# Required action
Within the entries below, please return exactly the lines from the one with "However, the images" through the one with "What is the", leaving out any pictures.

─── Material supplied ───

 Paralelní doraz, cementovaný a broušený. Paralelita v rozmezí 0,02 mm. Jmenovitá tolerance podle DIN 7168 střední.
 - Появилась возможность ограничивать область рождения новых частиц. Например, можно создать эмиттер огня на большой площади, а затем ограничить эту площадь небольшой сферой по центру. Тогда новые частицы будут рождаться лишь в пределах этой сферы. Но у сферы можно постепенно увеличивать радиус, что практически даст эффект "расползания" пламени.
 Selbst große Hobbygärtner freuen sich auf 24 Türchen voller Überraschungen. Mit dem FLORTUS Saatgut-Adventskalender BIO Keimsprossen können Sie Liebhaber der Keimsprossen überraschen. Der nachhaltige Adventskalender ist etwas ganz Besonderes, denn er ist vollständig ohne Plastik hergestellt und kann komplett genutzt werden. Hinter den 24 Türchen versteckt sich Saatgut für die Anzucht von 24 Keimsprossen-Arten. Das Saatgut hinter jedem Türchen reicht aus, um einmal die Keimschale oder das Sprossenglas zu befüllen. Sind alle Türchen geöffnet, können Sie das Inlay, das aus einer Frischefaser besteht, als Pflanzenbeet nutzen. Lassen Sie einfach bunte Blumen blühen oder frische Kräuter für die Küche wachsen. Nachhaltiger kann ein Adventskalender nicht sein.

───
─── Material supplied ───

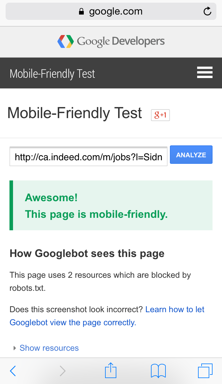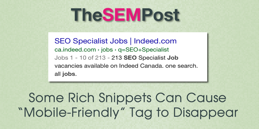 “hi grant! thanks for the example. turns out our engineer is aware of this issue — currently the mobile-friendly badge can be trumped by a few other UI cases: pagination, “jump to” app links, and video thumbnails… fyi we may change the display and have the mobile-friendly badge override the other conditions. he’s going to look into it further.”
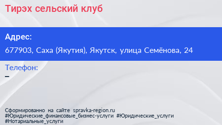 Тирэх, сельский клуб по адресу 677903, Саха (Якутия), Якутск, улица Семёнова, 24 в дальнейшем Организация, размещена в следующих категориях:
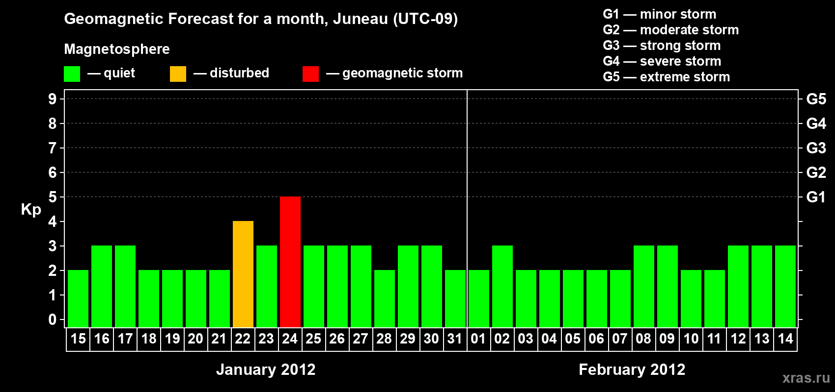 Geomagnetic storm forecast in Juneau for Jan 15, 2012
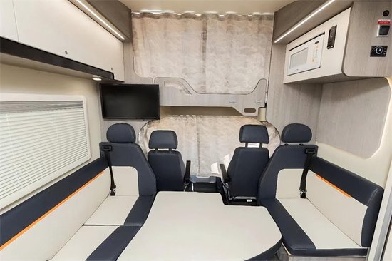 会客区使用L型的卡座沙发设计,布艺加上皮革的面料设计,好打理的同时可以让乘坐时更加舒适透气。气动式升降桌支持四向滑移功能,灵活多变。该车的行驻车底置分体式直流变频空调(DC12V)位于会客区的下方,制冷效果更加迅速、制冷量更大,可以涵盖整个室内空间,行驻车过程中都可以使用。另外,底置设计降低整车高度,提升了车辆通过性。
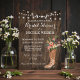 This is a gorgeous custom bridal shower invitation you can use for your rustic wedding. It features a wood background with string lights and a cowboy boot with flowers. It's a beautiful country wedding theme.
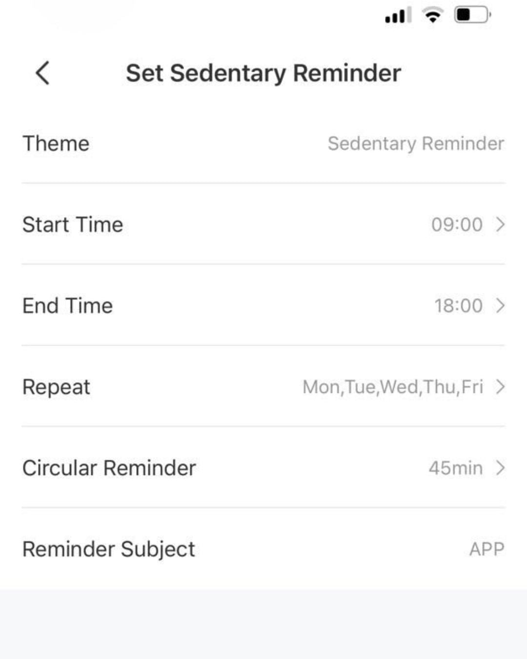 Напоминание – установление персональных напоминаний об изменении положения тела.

───
─── Material supplied ───

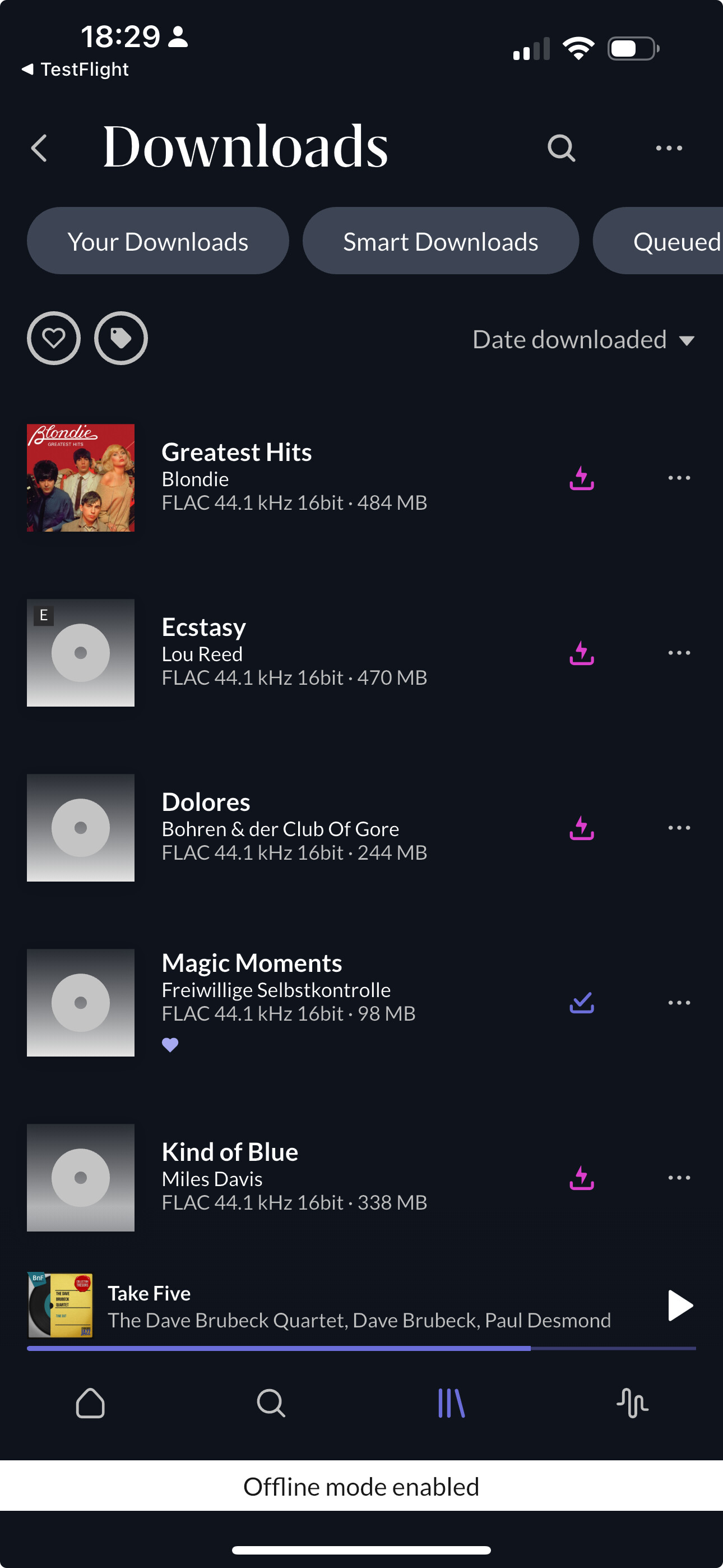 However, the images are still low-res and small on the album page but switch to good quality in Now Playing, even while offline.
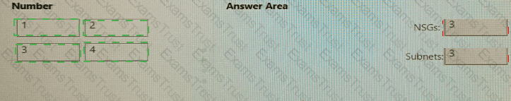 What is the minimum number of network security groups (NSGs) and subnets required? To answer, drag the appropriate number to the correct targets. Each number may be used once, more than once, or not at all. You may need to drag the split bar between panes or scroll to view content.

───

# Task result
 However, the images are still low-res and small on the album page but switch to good quality in Now Playing, even while offline.
 What is the minimum number of network security groups (NSGs) and subnets required? To answer, drag the appropriate number to the correct targets. Each number may be used once, more than once, or not at all. You may need to drag the split bar between panes or scroll to view content.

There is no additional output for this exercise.